[Lustre-discuss] Nodes claim error with files, then say everything is fine.

Wed Aug 6 10:08:01 PDT 2008

On Wed, Aug 6, 2008 at 10:45 AM, Brian J. Murrell <Brian.Murrell at sun.com> wrote:
> On Wed, 2008-08-06 at 10:41 -0600, Chris Worley wrote:
>>
>> Is there anything in /proc or /sys I can look at to see whatever
>> "keepalive" parameters are setup?
>
> All timeouts are based on the obd_timeout in /proc/sys/lustre/timeout
> which MUST be the same on all nodes.
>

Would you suggest I increase or decrease this value?

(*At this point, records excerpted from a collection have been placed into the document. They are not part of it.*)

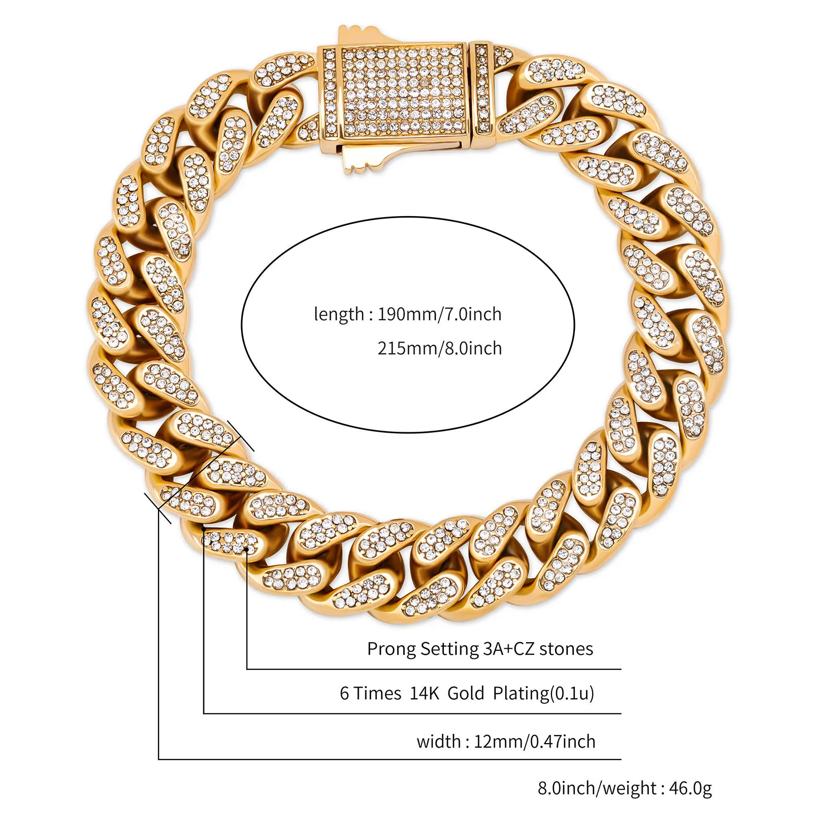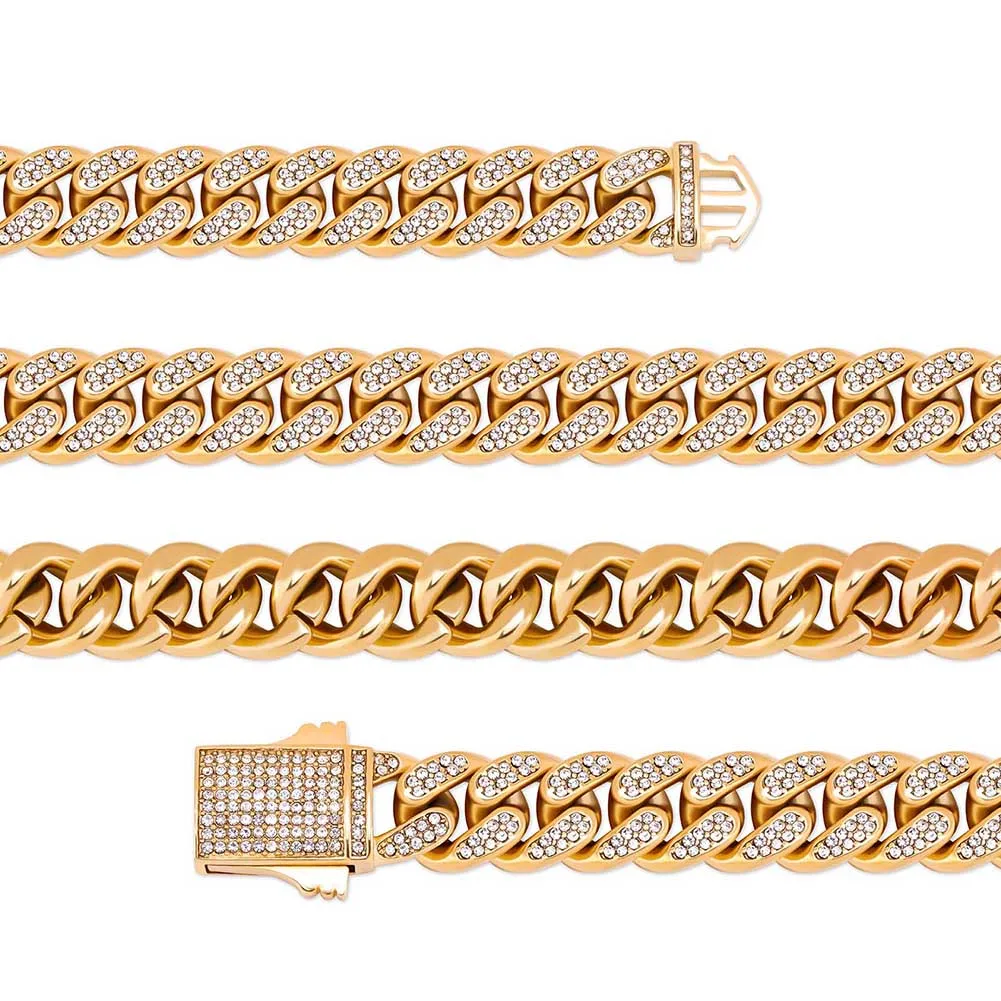 TOPGRILLZ, новинка, 12 мм, нержавеющая сталь, Miami, кубинский браслет с пружинной застежкой, кубический цирконий, хип-хоп ювелирные изделия, подарок для мужчин
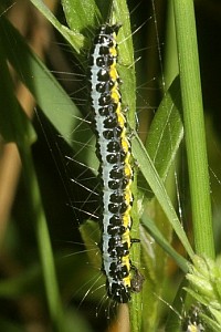 Die Raupe lebt an verschiedenen Ginster-Arten, in Mitteleuropa zumeist am Färber-Ginster. Schon Rößler ([1867]: 401) meldete dazu in seinem Nachtrag: "Die Raupe bei Lorch im Juli gesellig auf Genista tinctoria." Schütze (1931) trug zusammen: "An Genista, Ulex, Sarothamnus, Cytisus (Sorhagen). An Genista tinctoria unter wenig Gespinstfäden Blüten und Blätter verzehrend, so dass die Triebe kahl aussehen (Schmid)."
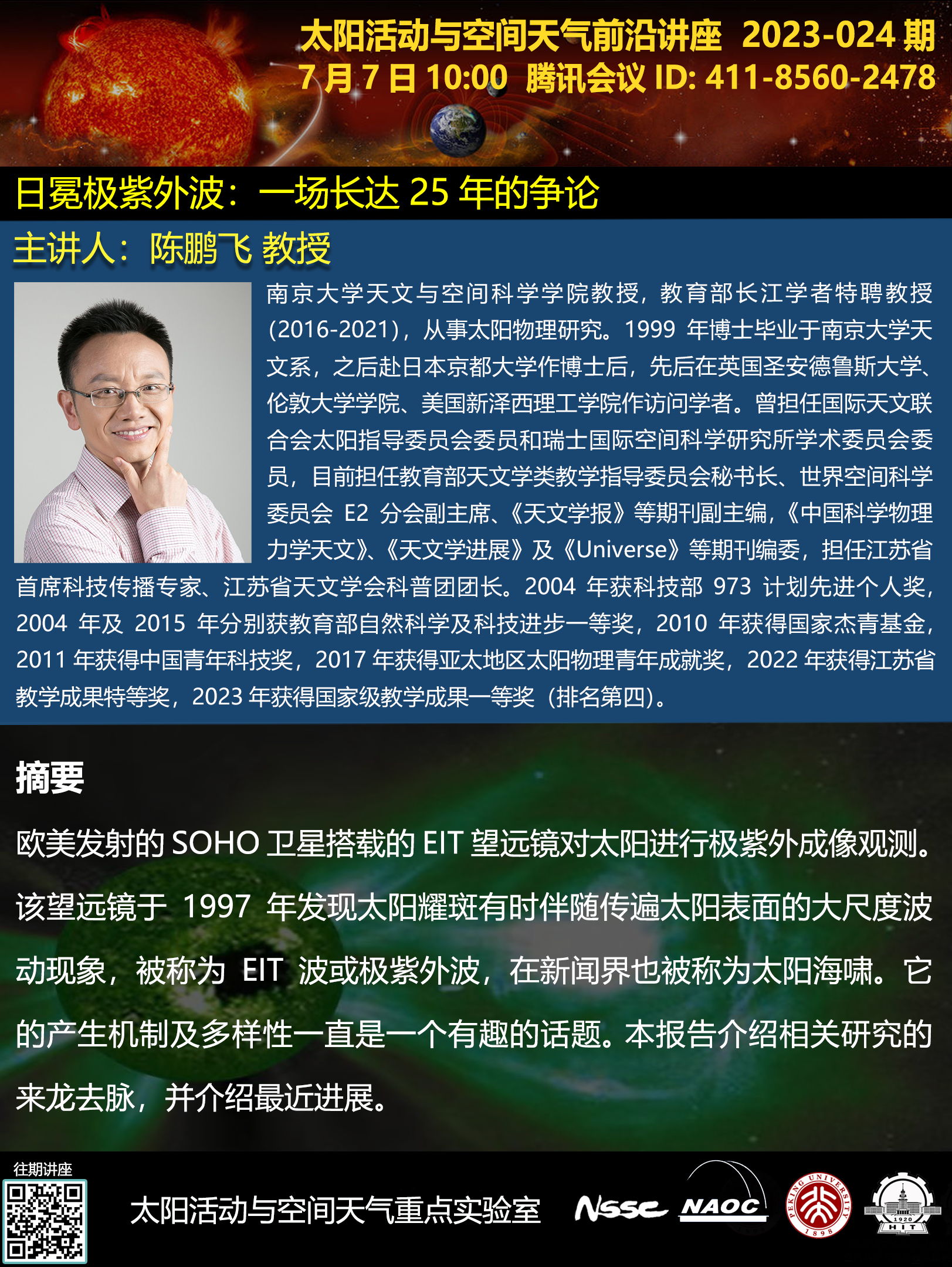 讲座题目:日冕极紫外波:一场长达25年的争论
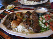 先輩「おっと、メインの登場だ。最初のはケバブの盛り合わせコンボ。チキンと、ドネル(ギロスに使われているのと同じ肉)、羊ひき肉、そして羊のシシケバブの4種類だ。」
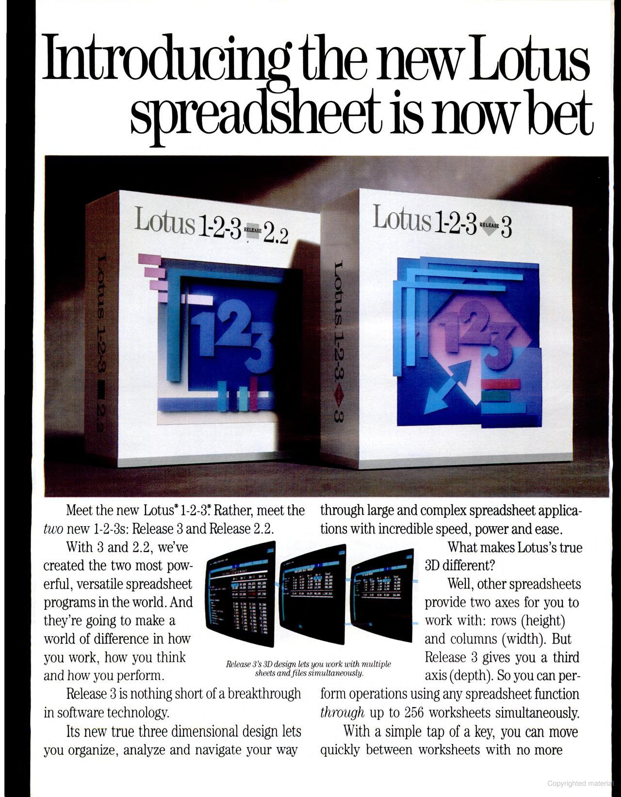 While both versions added new features, they weren't aligned with each other. Release 3 offered 3D worksheets (a stack of connected worksheets in the same file), links to external databases like dBase III, and the ability to see a graph and worksheet simultaneously. With its better memory management it could theoretically handle 256 worksheets at once, with each the size of the single worksheet that Release 2.2 can use, at 8,192 rows by 256 columns. Release 2.2 offered none of these features, but did come bundled with Allways, an add-in that could produce output every bit as attractive as anything that Excel could do. With this, Release 2.2 could produce professional-looking output that Release 3 could not. It still contained the old "PrintGraph", though Allways superceded this acros the board. Setting Sheets in Release 2.2 gave you an overall view of relevant settings for a given function - this too was lacking in Release 3, though this feature would be added in a later release.
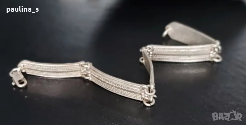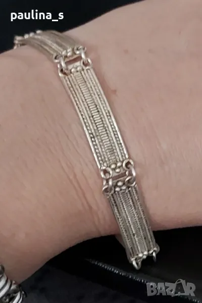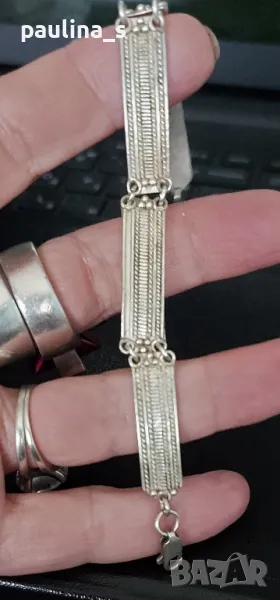 Масивна сребърна гривна, филигран с подложка от преди 50г, СБХ. В автентичен вид, съхранявана с грижа, без дефекти. Не се продава на грамаж, има антикварна стойност и цена. Дължина 17,5см. Мащабирането е на дланта и китката.
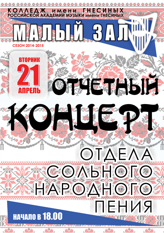 вторник |  | Отчетный концерт отдела «Сольное народное пение»
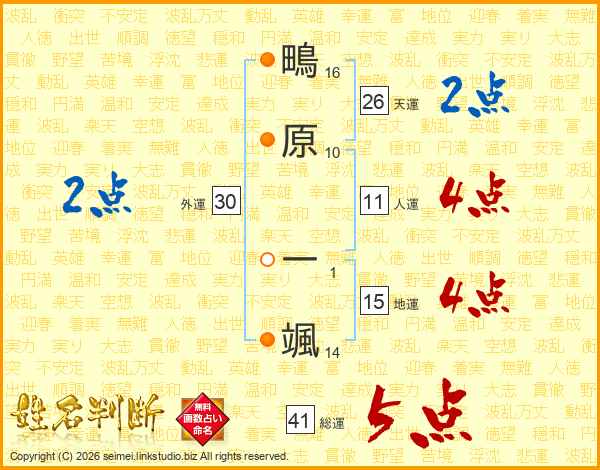 鴫原一颯さんの総運は41画の5点!
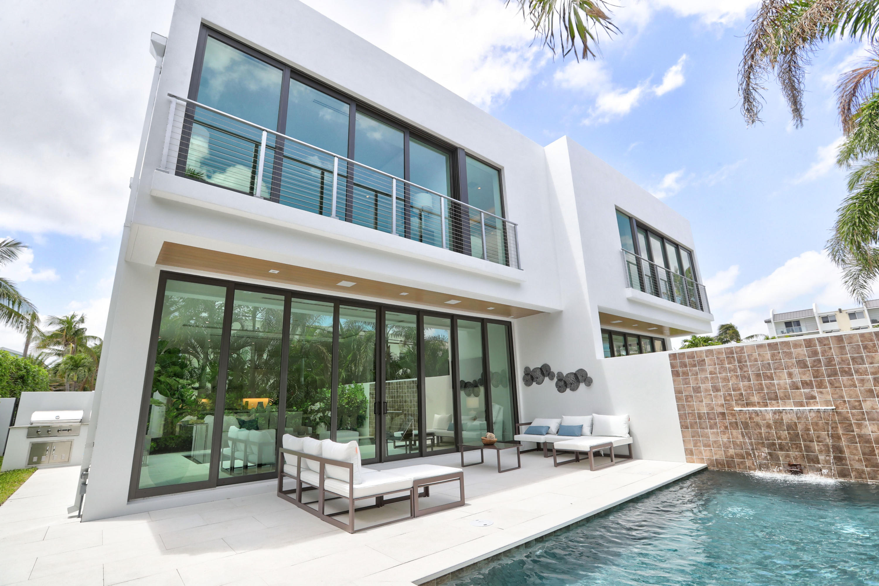 Huge price reduction for immediate saleJust ONE unit remaining!! NO HOA fees!!This stunning Coastal Contemporary town home offers its own private saltwater pool and is located just a short block from the beach in the desirable seaside community of Boca Riviera. Offering over 3,000 total sq ft, this 3 Bedroom, 3.5 bath home was designed by the award winning architect Richard Jones . Featuring fine finishes throughout with all italian porcelain tile floors and wood cabinetry. The ground floor living space features 10' high impact glass sliders that showcase the private outdoor loggia and pool. Floor to ceiling windows provide an abundance of natural light throughout. The upscale kitchen w/ marble countertops feature (more info. in supplement).
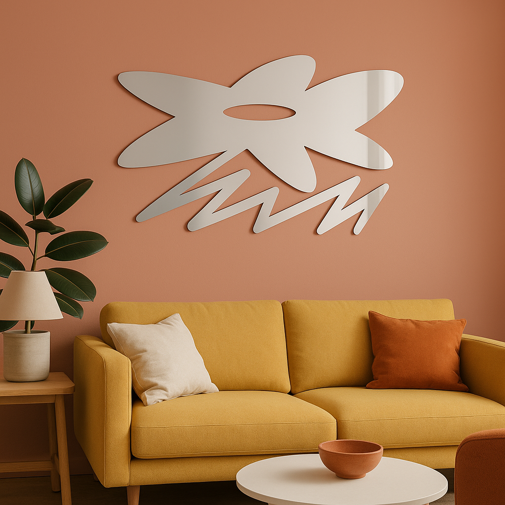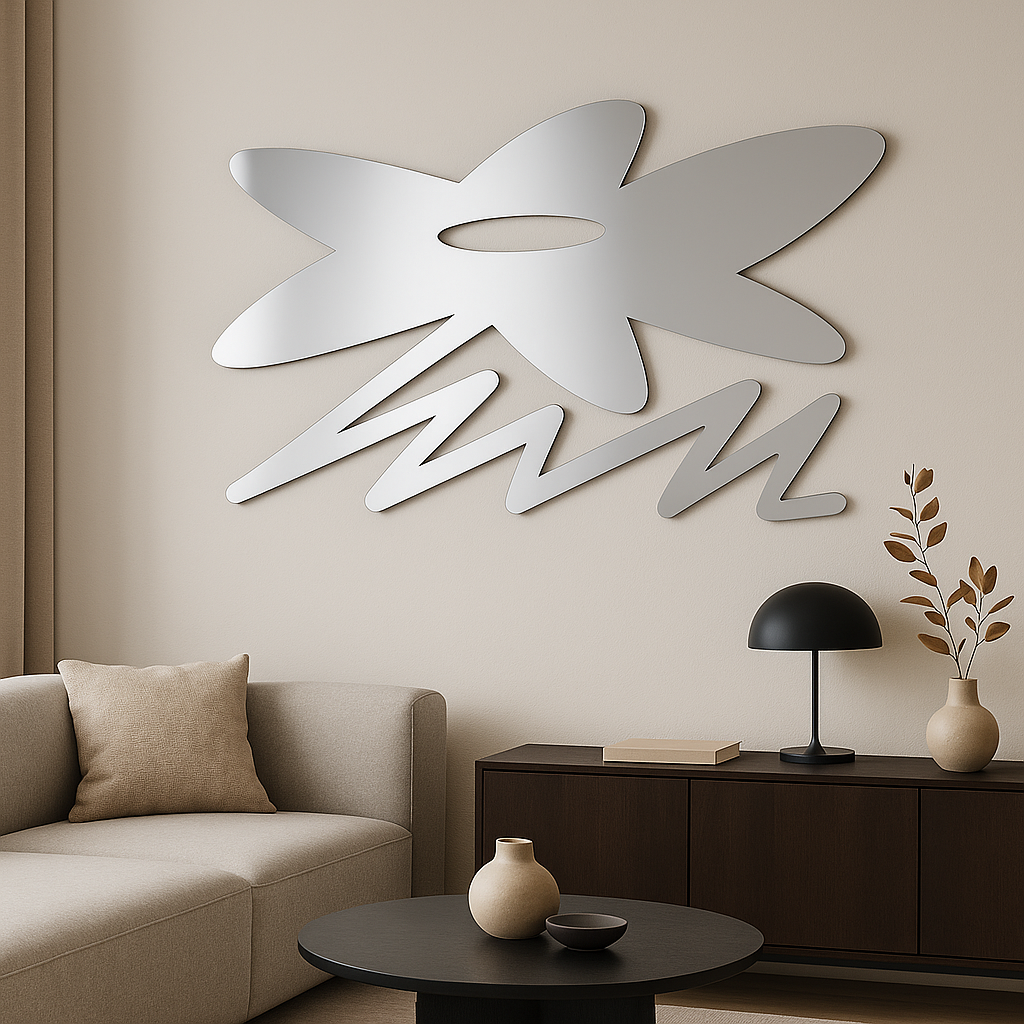 Dayflash captures that split-second spark—a burst of light, motion, and clarity in the middle of the everyday. Cut from a single sheet of high-shine acrylic mirror, this piece balances sharp zig-zag energy with the softness of an abstracted flower form.
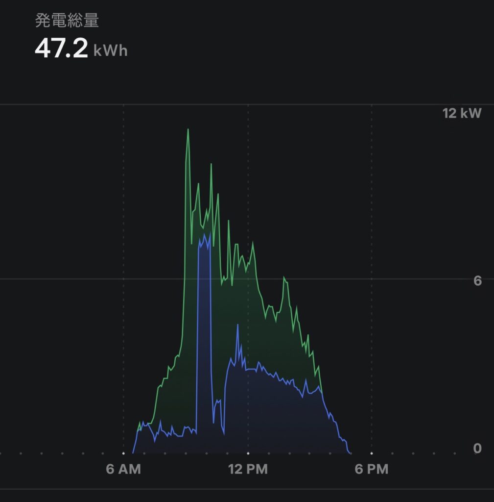 発電量47.2kWh、蓄電25.0kWhを記録し、買電ゼロを継続中です。

Is there a way to inhibit the eviction, or is that necessary to keep
really dead clients from locking-out files.

>> The systems aren't dying.
>
> They are failing to communicate with the MDS for some reason.  Network
> problems perhaps?  You could try enabling +rpctrace debug and inspecting
> the debug file for RPCs to see if the client is indeed sending something
> (even if it's a ping) at regular intervals.

All the systems (RHEL4 and 5 clients, Lustre servers) are on the same
ethernet and IB switches.  There were no issues before the 1.6.5.1
upgrade with the RHEL5 nodes.

Would a normal ping do it?  I can jury-rig all the RHEL5 nodes to ping the MDS.

Chris